▶ INFORMATION SUPPLIED:
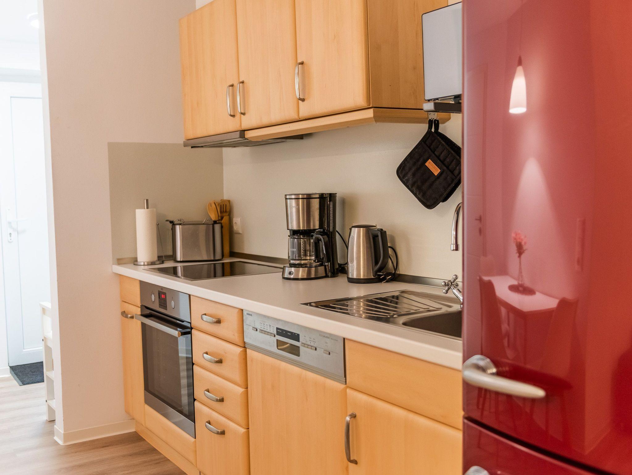 Neben einer gut ausgestatteten Einbauküche steht ein Backofen mit Ceranfeld, Kaffeemaschine, Toaster, Wasserkocher sowie ein Kühlschrank zur Verfügung.
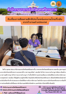 สรจ.นครพนม ให้บริการรับคำร้องของแรงงานกรณีการติดตามสิทธิประโยชน์แรงงานไทยในต่างประเทศ
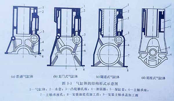 4、底座式(圖3-3(d))這種缸體的上曲軸箱內(nèi)無主軸承,曲軸在下曲軸箱上安裝,并承受主要負(fù)荷,底座式氣缸體適用于大型柴油機。
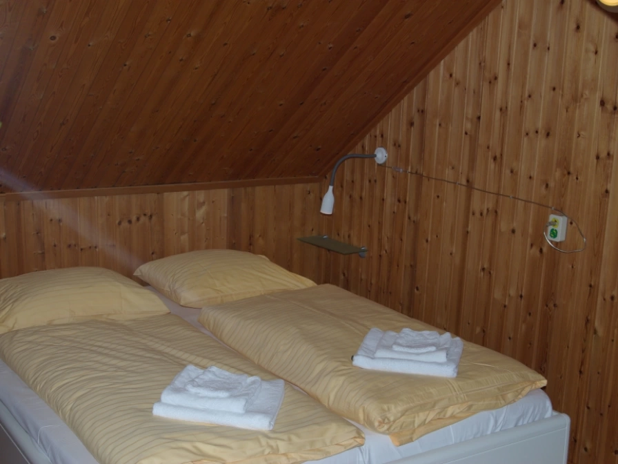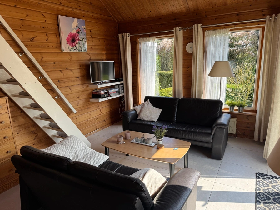 Julique (75 m²) has three bedrooms for up to 5 people. That is to say, a family with 2 adults and 3 children or 4 adults. There is also a living room with dining area and kitchen (26 m²) and a bathroom with shower, toilet and sink (6 m²). The bedroom on the first floor (14 m²) is accessible from the living room by a wooden staircase and has two single beds with two duvets. The bedroom on the ground floor (8 m²) has two single beds with duvets and a flat screen TV on the wall. The third bedroom (5 m²) on the ground floor has a single bed with duvet. There is a dishwasher, a washing machine, a flat screen TV with cable connection, a stereo system, a DVD player, a small oven, a microwave and wireless internet. For the little ones there is a cot, a high chair, a sandbox and children's toys.
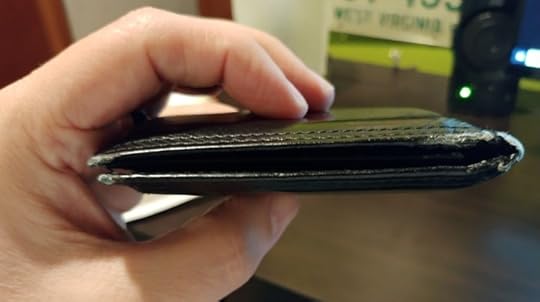 Shit. Now that I look at it again, I see that my wallet is not very thick at all. What do you think? Oh well. I’m still considering going back to carrying my money and the few cards I use in my left front pocket and seeing if the trouser-shredding slows down a bit. At this point, I’m about to start looking for a monthly enormous pants subscription service.
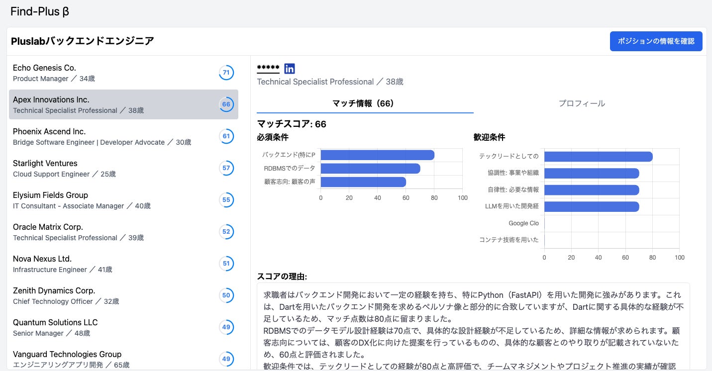 特徴として、Pluslab社独自のAIマッチング技術を活用して、従来の検索では特定できなかった、求職者のスキルや経験を元に検索することが可能です。

▶ AIM OF THE TASK: In your transcription of the listing above, match each line exactly and include no pictures.

▶ EXERCISE OUTPUT:
 Neben einer gut ausgestatteten Einbauküche steht ein Backofen mit Ceranfeld, Kaffeemaschine, Toaster, Wasserkocher sowie ein Kühlschrank zur Verfügung.
 สรจ.นครพนม ให้บริการรับคำร้องของแรงงานกรณีการติดตามสิทธิประโยชน์แรงงานไทยในต่างประเทศ
 4、底座式(圖3-3(d))這種缸體的上曲軸箱內(nèi)無主軸承,曲軸在下曲軸箱上安裝,并承受主要負(fù)荷,底座式氣缸體適用于大型柴油機。
 Julique (75 m²) has three bedrooms for up to 5 people. That is to say, a family with 2 adults and 3 children or 4 adults. There is also a living room with dining area and kitchen (26 m²) and a bathroom with shower, toilet and sink (6 m²). The bedroom on the first floor (14 m²) is accessible from the living room by a wooden staircase and has two single beds with two duvets. The bedroom on the ground floor (8 m²) has two single beds with duvets and a flat screen TV on the wall. The third bedroom (5 m²) on the ground floor has a single bed with duvet. There is a dishwasher, a washing machine, a flat screen TV with cable connection, a stereo system, a DVD player, a small oven, a microwave and wireless internet. For the little ones there is a cot, a high chair, a sandbox and children's toys.
 Shit. Now that I look at it again, I see that my wallet is not very thick at all. What do you think? Oh well. I’m still considering going back to carrying my money and the few cards I use in my left front pocket and seeing if the trouser-shredding slows down a bit. At this point, I’m about to start looking for a monthly enormous pants subscription service.
 特徴として、Pluslab社独自のAIマッチング技術を活用して、従来の検索では特定できなかった、求職者のスキルや経験を元に検索することが可能です。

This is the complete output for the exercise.